Molecular Vise Approach to Coordinate Metals

(Research breakthrough reported by Deng’s groups)

Scientists in Wuhan University found a new way to bind metals in a controllable manner using metal-organic frameworks, reported on the recent issue of Angew. Chem. Int. Ed., and these nano-materials are good for the fast detection of biomarkers in urine without the use of sophisticated instruments.

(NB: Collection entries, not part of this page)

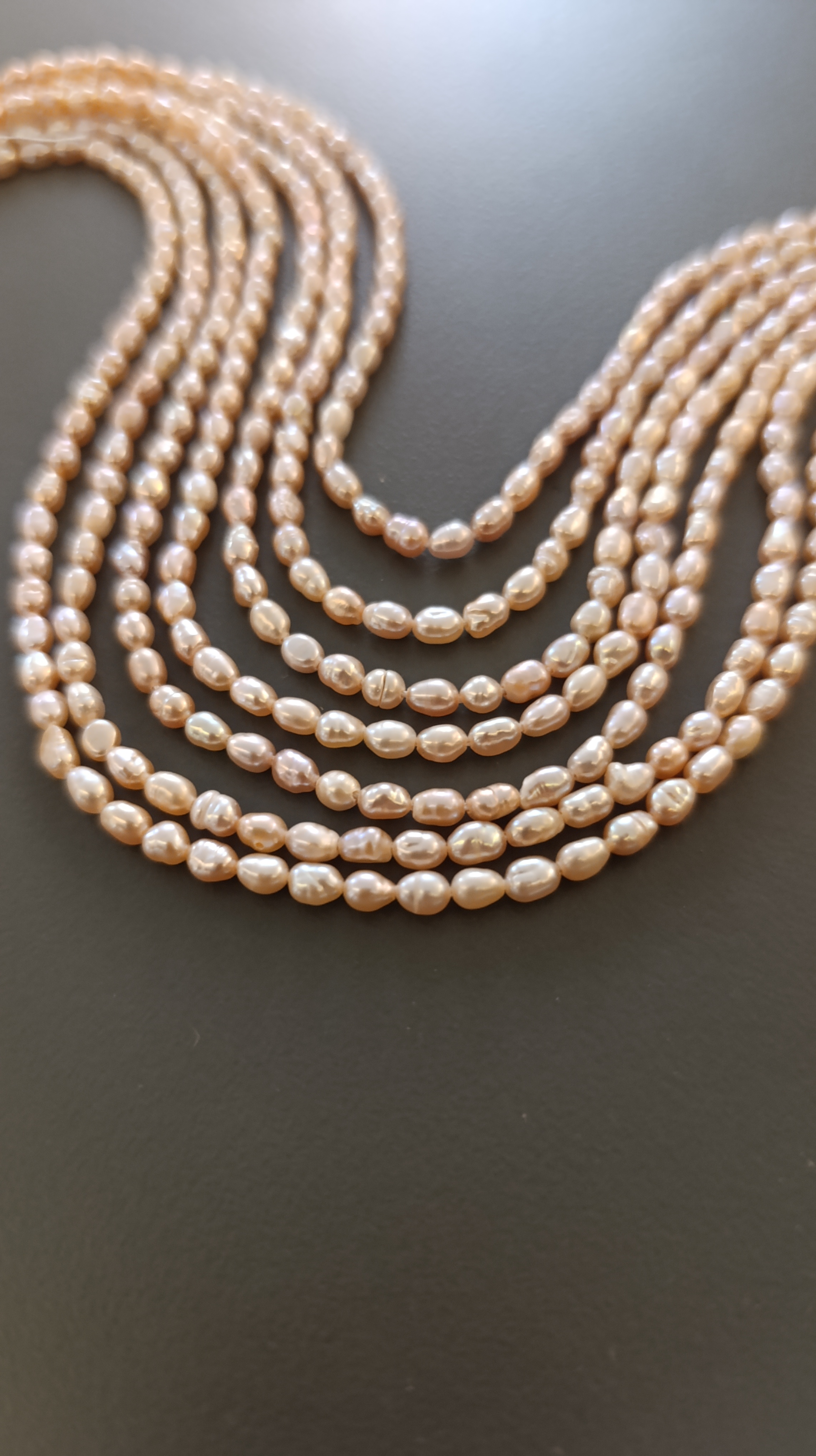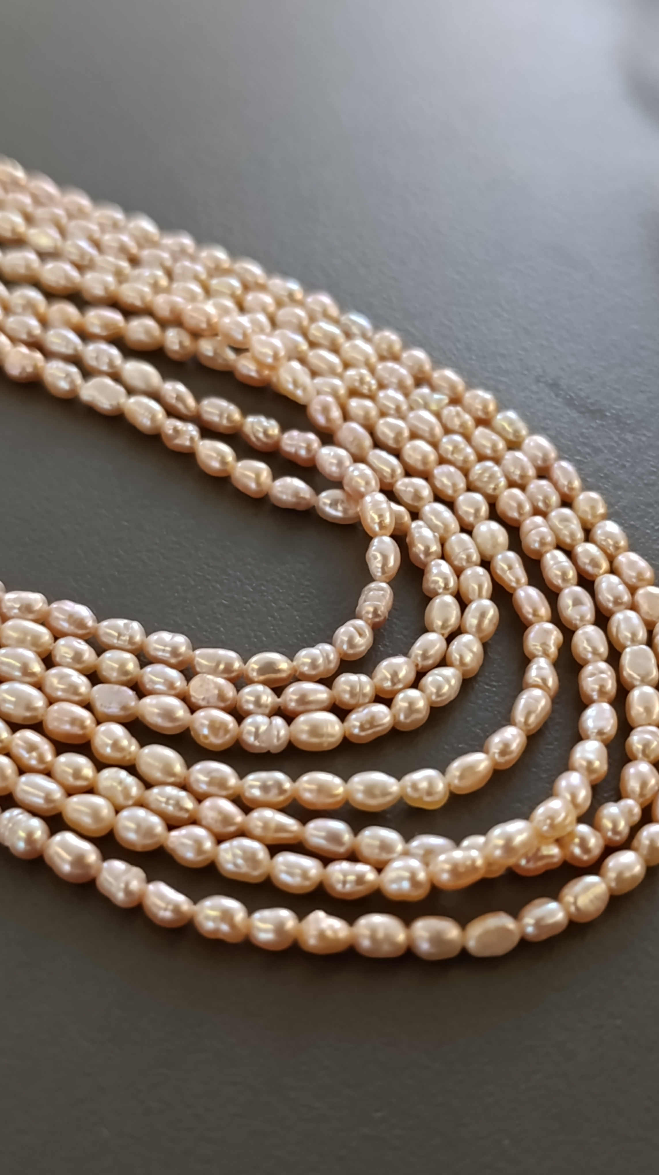خرید مروارید پرورشی مدل گندمی سایز 4 میلیمتر رنگ گلبهی بسیار درخشان ارسال فوری
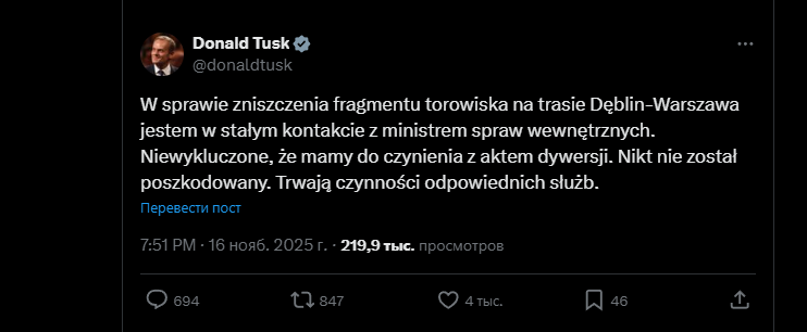 - заявил в соцсетях польский премьер-министр Дональд Туск, комментируя ЧП. Он также отметил, что никто не пострадал.
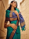 Show your feminine side to the world wearing this rama green color saree in silk. Crafted using bandhani with patola print enhanced by distinctive woven border and tasseled pallu. Paired with a matching green color printed blouse in silk. Note: The accessories featured are purely for fashion purposes. Due to photography reasons, some color variations may occur. The un-stitched blouse may be customized up to 42 inches.
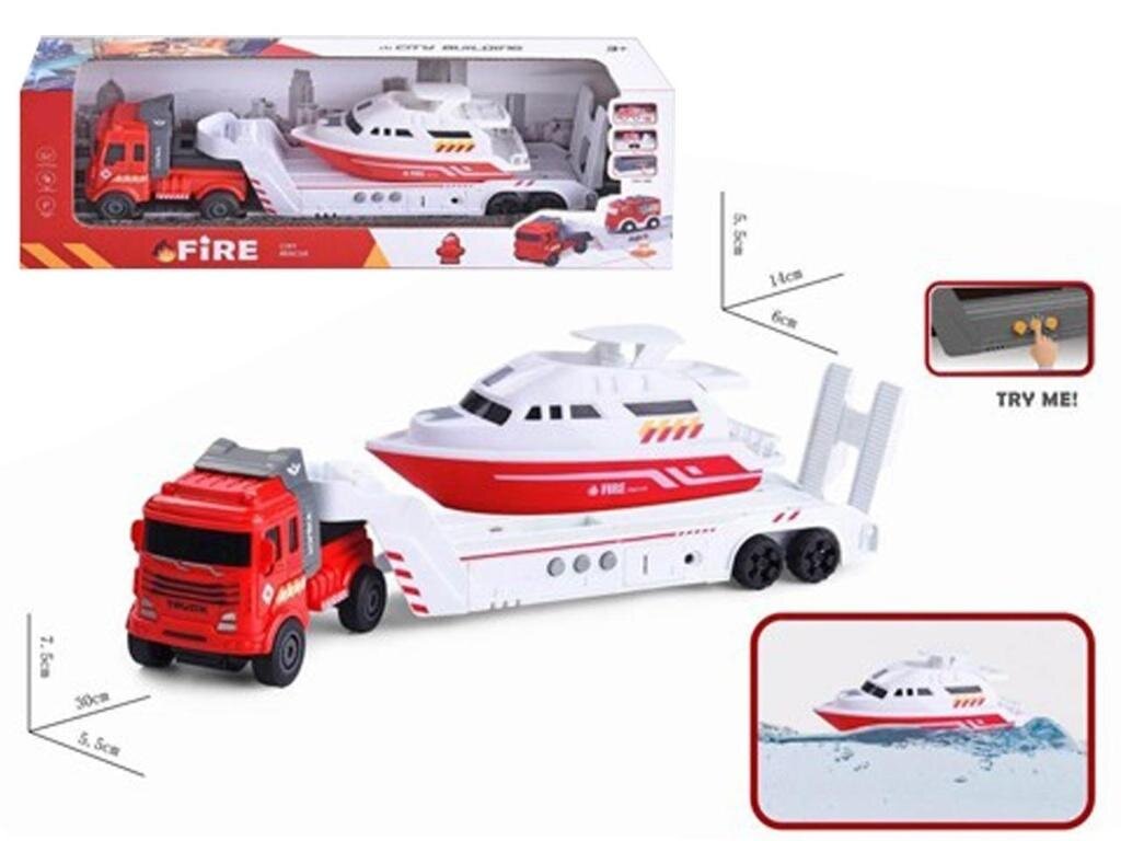 Auto z przyczepą + motorówka dźwięk open box 37x13x7,5cm číst celé

Molecular constructs are highly desirable in various applications such as nanomachines, nanorobots, drug delivery, catalysis and biomolecule detection. However, molecular constructs were usually synthesized in solution phase rather than solid-state phase. In this report, a research group led by Hexiang Deng at Wuhan university show that a “molecular vise” can be created inside metal-organic frameworks to provide customized binding site for metal ions, and forming the so called “MV-MOFs”. This was achieve by replacing a tetra-topic organic linker with a pair of mono-topic and tri-topic linker, where the length of the mono-topic linker can be precisely adjusted, thus provide a controlled coordination environment for metals with the amine on the tri-topic linker. The mono-topic linker resembles the moving part of the vise, while the tri-topic linker fixed by three secondary building units (SBUs) in MOFs resembles the stationary part.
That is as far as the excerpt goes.